Communications Manager

212.246.6543

camille@fountaingallerynyc.com

Fountain Gallery Presents Osvaldo Cruz/Keith Pavia: New Works

May 17 – July 11, 2012

Opening Reception: May 17, 6-8 p.m.

New York, NY – May 14, 2012 – Fountain Gallery, located at 702 Ninth Avenue and representing artists with mental illness, today announced the upcoming opening of Osvaldo Cruz/Keith Pavia: New Works. This two-person exhibition of more than 20 pieces will be on view from May 17 through July 11, 2012, with an Opening Reception on Thursday, May 17, from 6 to 8 p.m.

Osvaldo Cruz worked in pen and ink, acrylic, and felt-tip marker before discovering the effects he could achieve with spray paint, the medium that now defines his style. Known for “graffiti” pieces featuring large lettering and expressed in the bright and gritty colors of New York City streets, in this show Cruz also displays pieces representative of a new direction: cloudlike, dreamy works in pastel hues that take the spray paint medium to a celestial level. He uses a variety of nozzles attached to the paint can to achieve effects from bold to refined, on surfaces including masonite and canvas board. Cruz was commissioned by New World Stages in Manhattan to paint a “graffiti wall” to enhance the New York atmosphere outside the theatre where the musical “Rent” is currently playing.

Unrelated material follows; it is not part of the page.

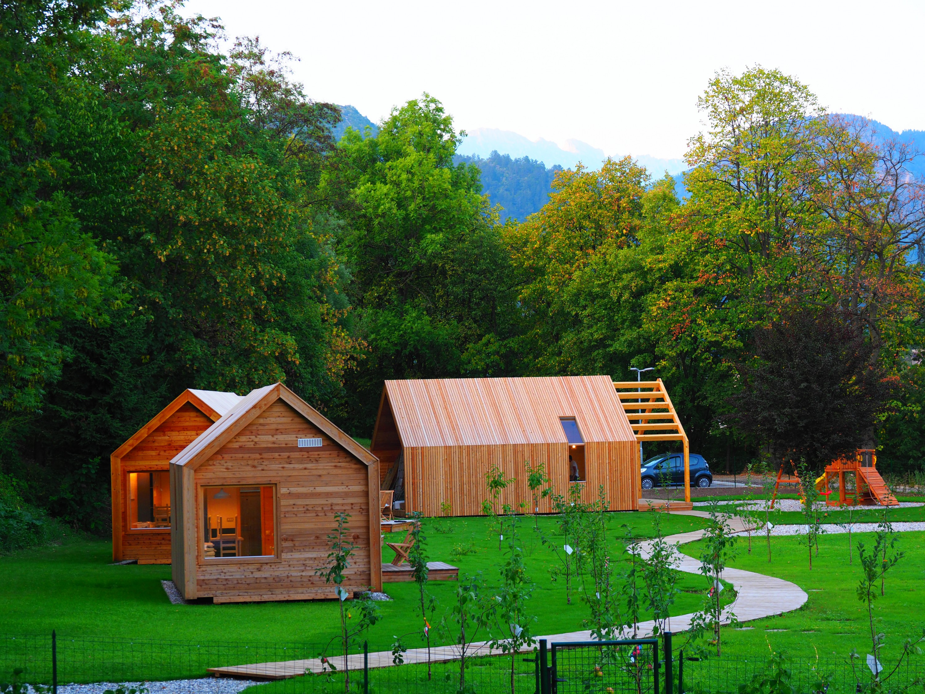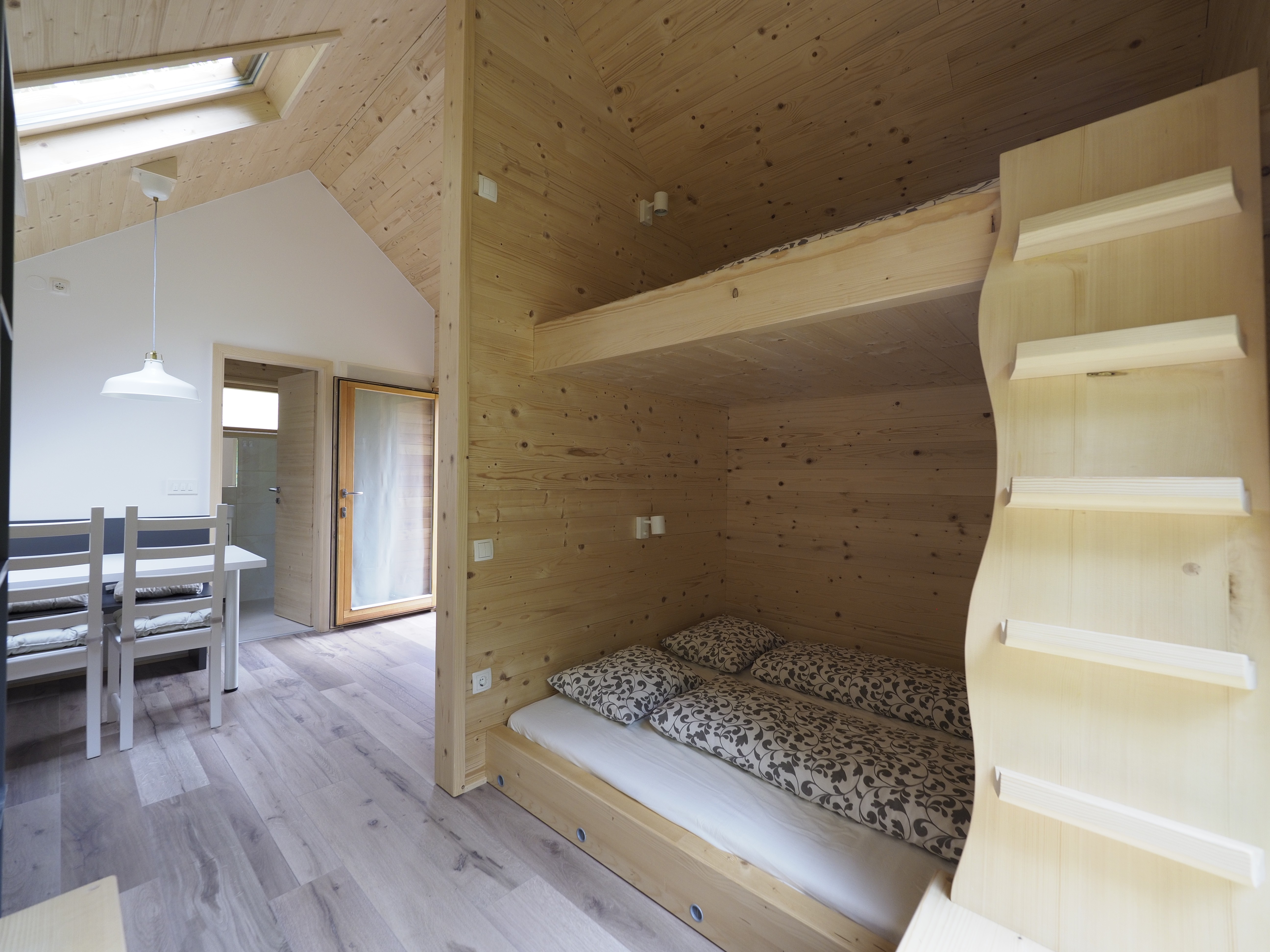 Maisons en bois so zgrajene iz lesa in drugih naravnih materialov, opremljene v minimalističnem slogu, z velikimi panoramskimi okni, ki ponujajo pogled na okoliško pokrajino. So chauffé et isolé et donc propices à la vie toute l'année. Ils acceptent jusqu'à 4 personnes, il y a dedans 2 lits doubles, coin lecture avec grande fenêtre, kitchenette avec réfrigérateur, espace central avec table à manger et salle de bain. Si nécessaire, vous pouvez également commander une chaise haute et un lit bébé supplémentaire. Toutes les maisons sont équipées. avec signal Wi-Fi gratuit. Trenutno je v vsaki hiški izobešena in v angleščino prevedena lokalna legenda oz. pravljica, po kateri ima hiška svoje ime. Prav tako vsako hiško krasijo po tri ilustracije vezane na pravljico.

In this exhibition, Keith Pavia is also showing works inspired by the City – more specifically, the New York City subway system and its riders – in a series of color saturated gouaches from the 2011 self-published book Ghost Train. Turning his attention from subterranean New York to the Far East, Pavia also presents a group of large mixed media works depicting ladies wearing the traditional garb of Japan, the kimono – but with a cheeky, modern twist. Found objects such as buttons, beads and glitter, incorporated into the acrylic surface, add depth and texture to a number of these striking works on canvas and paper.

This program is supported, in part, by public funds from the New York City Department of Cultural Affairs, and by generous support from The Jarvis & Constance Doctorow Family Foundation and The Renate, Hans and Maria Hofmann Trust.